Шла работа и над «мемуарами» Иннокентия. Ох тяжко шла — даже сбросивший тяжелый груз греха юродивый не то чтобы целиком здравомыслящим человеком в одночасье сделался. Мысли плавают и путаются, ноги норовят пойти привычно прогуляться часиков этак пять, а усидчивостью даже отдаленно не пахнет. Мается с ним переписчик батюшка Евлогий, из последних христианских сил смирение демонстрирует, но — демонстрирует, потому что и деньги я ему плачу хорошие, и батюшка игумен мою просьбу поддержал из уважения ко мне и юродивому.
Не одними этими будущими памятниками русской словесности ограничился мой вклад в народную культуру: от посада, через деревеньки, села и города, пролетая над лесами, полями, болотами и реками, наскипедаренными соколами неслись по Руси две поговорки. Первая, про волка и работу, и другая, зародившаяся уже в XXI веке — «Дал Бог зайку, даст и лужайку» — ею я на прощание подбодрил народ, и всем многодетным она сразу же очень понравилась.

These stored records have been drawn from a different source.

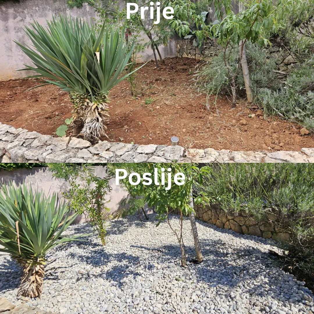 Imamo veliku okucnicu . Oko kuce je nasut šljunak tucanik,bijeli.Kroz njega proraste uvijek korov i trava.Pokusali smo kositi sa trimerom ali stabljike korova su visoke i debele tako da nismo uspleli to srediti.Culi smo da se to može tretirati hemikalijom ?Molim vas ako mozete da nam pošaljete ponudu koliko bi bilo uredenje. Unaprijed hvala.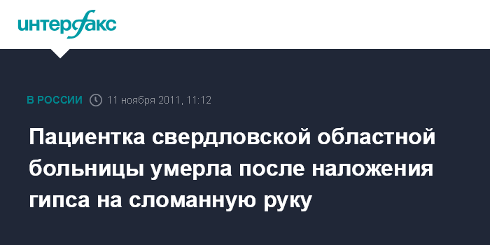 Пациентка свердловской областной больницы умерла после наложения гипса на сломанную руку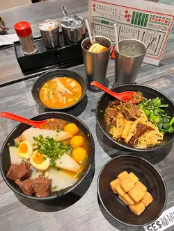 🍜阿美车仔面去大角咀揾完朋友 经过呢间阿美车仔面门面几吸引 便入去食个车仔面因为胃容量有限 同朋友2人纠结了很久要甚么选择 令大家可以试多几款𩠌😂 最后分别点了🥢卤水腩肉 秘制牛腩 生菜配油面 牛腩汁 小辣🥢秘制金钱肚 卤水糖心蛋 猪红 萝卜配乌东 清汤不得不说很有惊喜 搞到想再食多次试埋其他小食😋 🌟首先是乌东 是有口感有点弹牙得那种 不肯定是否日本乌东来货但绝不是平价粉口感果种🌟 卤水腩肉炆得入味 味道刚好不会太咸 腩肉层次分明而且大旧 啖啖肉咁🌟 另一推介是秘制金钱肚 不是很多地方会整的 金钱肚口感嫩滑爽口 喜欢吃金钱肚的朋友必试🌟 辣汁亦是必点 朋友叫了小辣上枱时辣渣是放在汤匙上 食得出辣渣有不少材料一起炒香 好食而且够辣 结果要叫侍应哥哥比多啲辣😂另外卤水糖心蛋、猪红及萝卜都是高质之选 萝卜有2大旧 清甜而且腍度适中 推👍🏻饮品除了冻柠茶果类之外可配支装汽水或茶类 方便而且夹车仔面 小提示:唔想食淀粉质的朋友可以点菜底 呢点好欣赏👏🏻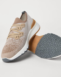 The classic yarns of Brunello Cucinelli knitwear inspire the elegant, sporty feel of these sneakers. The upper is made of a very lightweight, stretch chine knit, which showcases a compact appearance on the sides with "micro-perforations" on the toe, a detail characteristic of sporty accessories. The elasticity of the knit guarantees an optimal fit and comfort. MATERIALS The cotton knit combines natural and synthetic fibers as well as a small percentage of spandex to provide optimal comfort. Its unlined construction and EVA bottom offer lightness. DETAILS Flat fabric laces Unlined Sole in lightweight micro rubber Detachable insole 89% COTTON, 10% NYLON, 1% ELASTANE

В таких вот заботах пролетели остатки августа, и мы вплотную подобрались к первому сентября, дню, который откроет миру новый, 1554-й, год.
Ёлки с игрушками, утренники и тем более Дед Мороз — это явления гораздо более поздних времен, а сейчас Новый Год празднуют совсем иначе. Подарки, однако, имелись — не друг дружке окружающие их дарили, а по большей части чужим людям. Есть в деревнях и городах символическая забава у деток, «осевание» называется: ходят ребята и девчата по дворам, «засевают» избы зерном, желая тем самым хозяевам богатого урожая в грядущем году, а те их в ответ одаривают вкусными кусочками.

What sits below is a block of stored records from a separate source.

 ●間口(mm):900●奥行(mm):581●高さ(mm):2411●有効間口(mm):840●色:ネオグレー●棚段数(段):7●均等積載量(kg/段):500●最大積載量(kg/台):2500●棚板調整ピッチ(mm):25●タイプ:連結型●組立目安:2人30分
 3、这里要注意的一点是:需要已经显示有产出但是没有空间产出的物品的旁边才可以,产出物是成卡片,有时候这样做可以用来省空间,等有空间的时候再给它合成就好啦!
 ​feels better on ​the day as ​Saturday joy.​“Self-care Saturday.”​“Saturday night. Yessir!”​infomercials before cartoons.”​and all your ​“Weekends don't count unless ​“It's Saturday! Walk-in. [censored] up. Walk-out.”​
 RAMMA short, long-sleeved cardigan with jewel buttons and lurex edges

Занимались этим и наши, монастырские ребята, «осевая» жилые и ремесленные помещения, а детки посадские приходили «осевать» в гости, за это получив доброе угощение. Взрослые крестьяне к этому моменту собрали в полях и огородах все, что можно, и успели выплатить подати — аккурат первого сентября местный годовой «налоговый период» заканчивается, и даже наш батюшка келарь в компании батюшки казначея поехал в Москву с отчетностью и мешочком денег — подати с окрестных земель стекаются в монастырь, а потом, за вычетом положенной доли, отправляются дальше, вливаясь в исполинского размера церковную казну.
Заодно обещал батюшка келарь каких-нибудь новостей мне привезти, и я жду его с нетерпением: тяжело планировать реально качественно, когда в любой день за тобой могут приехать и увезти на новое место жительства. В Москве обо мне, однако, знают, и знают настолько, что тридцать первого августа ко мне прибыли нежданные, но безусловно приятные подарки.
Привез их «богатырь» Василий. Выглядел он не очень — уставший, осунувшийся, со свежей, немного подзажившей царапиной на щеке и грязный настолько, что лошадкой и самим собой разило от него за версту. Ну так «татар гонял», то есть — в долгом походе боевом находился, и прямо оттуда до нас и прибыл, потратив, по собственным словам, на дорогу целую «седмицу». Мешочек мне привез:
— Прости, Гелий Давлатович, не разобрались мы сразу. Сам понимаешь — сеча лютая была, а мы о приказе Государевом думали тогда. Посчитали неправильно добро у тебя купленное, токмо недавно и спохватились. Прошу — прими разницу, мы люди честные, и прости, что не сразу сообразили.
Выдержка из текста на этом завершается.